New corrosion prevention strategies are constantly being developed, tested and moved into production, yet the need for robust corrosion control programs is as widespread as ever. Metallic corrosion impacts nearly every U.S. industry, with manufacturing and construction bearing most of the burden due to their heavy reliance on carbon steel.
According to The American Galvanizer's Association, carbon steel amounts to around 85 percent of all steel production. And while this alloy is undoubtedly one of the sturdiest building materials available, it is still quite susceptible to natural processes like oxidation. Over time, localized environmental forces eat away at the carbon steel's surface, weakening the integrity of the structure it belongs to. These (usually atmospheric) forces include metrics like moisture, temperature, humidity, rainfall, levels of pollution and air salinity.
How quickly does carbon steel corrode?
Since no two locations are exactly the same, it's difficult to calculate a uniform corrosion rate for carbon steel that can accurately reflect real-world conditions. The AGA lists the following corrosion rate estimates based on different atmospheric environments:
- Rural areas – 4 to 60 micrometres per year
- Urban areas – 30 to 70 micrometres per year
- Industrial areas – 40 to 160 micrometres per year
- Marine areas – 60 to 170 micrometres per year
Marine environments seem to have the highest corrosive potential when compared to other locales, depending on the water's specific oxygen content, temperature, chloride levels and much more. This just goes to show that a one-size-fits-all solution to metallic corrosion in very unlikely, as a comprehensive prevention plan will inevitably rely on a deep understanding of the environmental factors at play.
Essential oil extracts as corrosion inhibitors
Research into corrosion inhibition has taken an interesting turn over the past few years, as a growing number of experts have begun experimenting with "green" chemical compounds. An early January article from Science Trends reported on the effectiveness of several new essential oil extracts for reducing carbon steel corrosion. The article claims that inhibitors made from condensed hydrophobic fluids and volatile aroma components may soon replace traditional chemical compounds in the corrosion protection market.

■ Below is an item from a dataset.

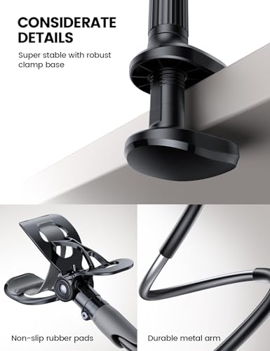 - 【33.4in Long Gooseneck】 Longer gooseneck gives you more freedom of adjustment. And make this gooseneck phone holder easy to twist, strong and bendy arms secure your smart phone to prevent falling or moving around.

Inhibitors are typically developed using both organic and inorganic ingredients, which work together to form a protective film on carbon steels that "suppress the transfer, diffusion, and electrolytic transport of corrosive anions responsible for redox electrochemical reactions and surface degradation," according to a recent research paper published in Results in Physics. The paper argues that a vast majority of commercially available corrosion inhibitors are unsustainable, citing high toxicity, strict regulations and extensive costs as limiting factors.

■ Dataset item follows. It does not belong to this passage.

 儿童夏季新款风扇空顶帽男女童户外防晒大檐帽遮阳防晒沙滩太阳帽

At present, researchers are quite optimistic about the use of rosmarinus officinalis (rosemary) and trypsin (enzymes found in most vertebrates' digestive system), though the compounds' performance is heavily reliant on high concentrations. Corrosion experts will need to aggressively test the compounds in environments that replicate real-world conditions before these "organic" inhibitors can be commercially deployed. But nonetheless, this breakthrough stands as yet another example of how rigorous corrosion testing can drive innovation and discovery.